* _Task objective_
The expected output is the data below, character for character, without its pictures.

* _Information shown_
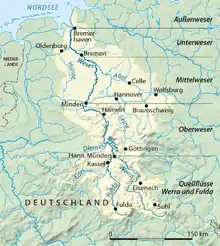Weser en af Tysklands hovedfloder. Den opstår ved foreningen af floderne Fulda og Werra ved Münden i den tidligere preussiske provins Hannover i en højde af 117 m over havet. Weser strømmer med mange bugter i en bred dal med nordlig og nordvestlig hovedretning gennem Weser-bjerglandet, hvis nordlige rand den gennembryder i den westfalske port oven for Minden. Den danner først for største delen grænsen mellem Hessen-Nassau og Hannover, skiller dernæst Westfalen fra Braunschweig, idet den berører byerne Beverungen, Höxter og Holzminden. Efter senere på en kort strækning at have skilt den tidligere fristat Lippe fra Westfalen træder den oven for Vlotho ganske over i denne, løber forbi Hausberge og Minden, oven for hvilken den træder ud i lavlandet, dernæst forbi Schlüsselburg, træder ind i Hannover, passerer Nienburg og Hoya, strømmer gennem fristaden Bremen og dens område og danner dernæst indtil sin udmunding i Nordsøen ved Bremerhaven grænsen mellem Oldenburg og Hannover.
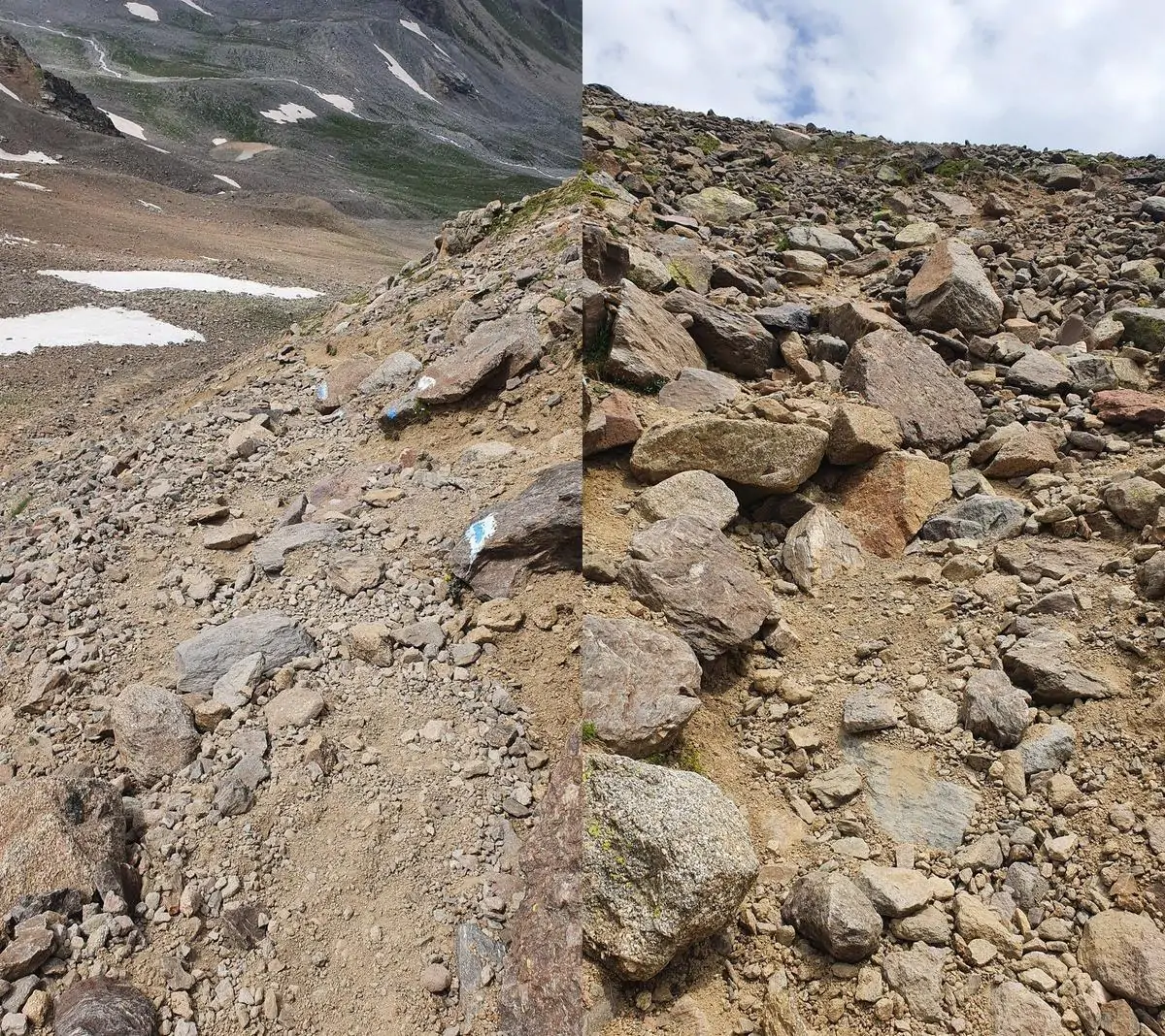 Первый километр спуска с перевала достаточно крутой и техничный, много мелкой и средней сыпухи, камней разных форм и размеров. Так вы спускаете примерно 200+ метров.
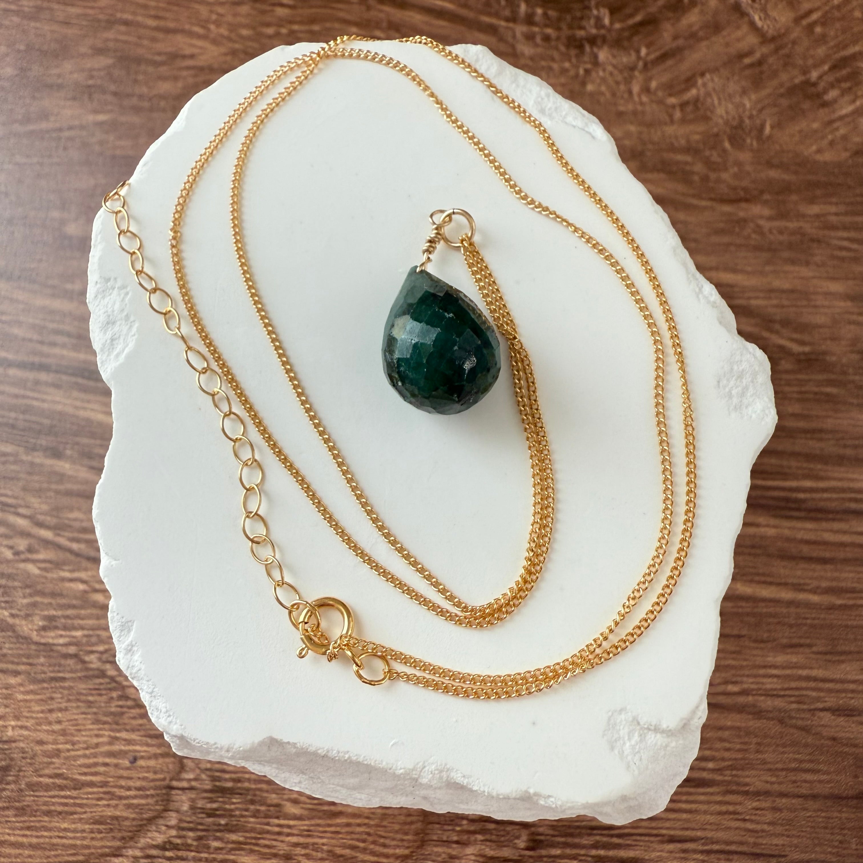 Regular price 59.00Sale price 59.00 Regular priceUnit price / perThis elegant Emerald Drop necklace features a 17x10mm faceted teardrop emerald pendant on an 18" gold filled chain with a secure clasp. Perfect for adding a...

* _Solution to the problem_
Weser en af Tysklands hovedfloder. Den opstår ved foreningen af floderne Fulda og Werra ved Münden i den tidligere preussiske provins Hannover i en højde af 117 m over havet. Weser strømmer med mange bugter i en bred dal med nordlig og nordvestlig hovedretning gennem Weser-bjerglandet, hvis nordlige rand den gennembryder i den westfalske port oven for Minden. Den danner først for største delen grænsen mellem Hessen-Nassau og Hannover, skiller dernæst Westfalen fra Braunschweig, idet den berører byerne Beverungen, Höxter og Holzminden. Efter senere på en kort strækning at have skilt den tidligere fristat Lippe fra Westfalen træder den oven for Vlotho ganske over i denne, løber forbi Hausberge og Minden, oven for hvilken den træder ud i lavlandet, dernæst forbi Schlüsselburg, træder ind i Hannover, passerer Nienburg og Hoya, strømmer gennem fristaden Bremen og dens område og danner dernæst indtil sin udmunding i Nordsøen ved Bremerhaven grænsen mellem Oldenburg og Hannover.
 Первый километр спуска с перевала достаточно крутой и техничный, много мелкой и средней сыпухи, камней разных форм и размеров. Так вы спускаете примерно 200+ метров.
 Regular price 59.00Sale price 59.00 Regular priceUnit price / perThis elegant Emerald Drop necklace features a 17x10mm faceted teardrop emerald pendant on an 18" gold filled chain with a secure clasp. Perfect for adding a...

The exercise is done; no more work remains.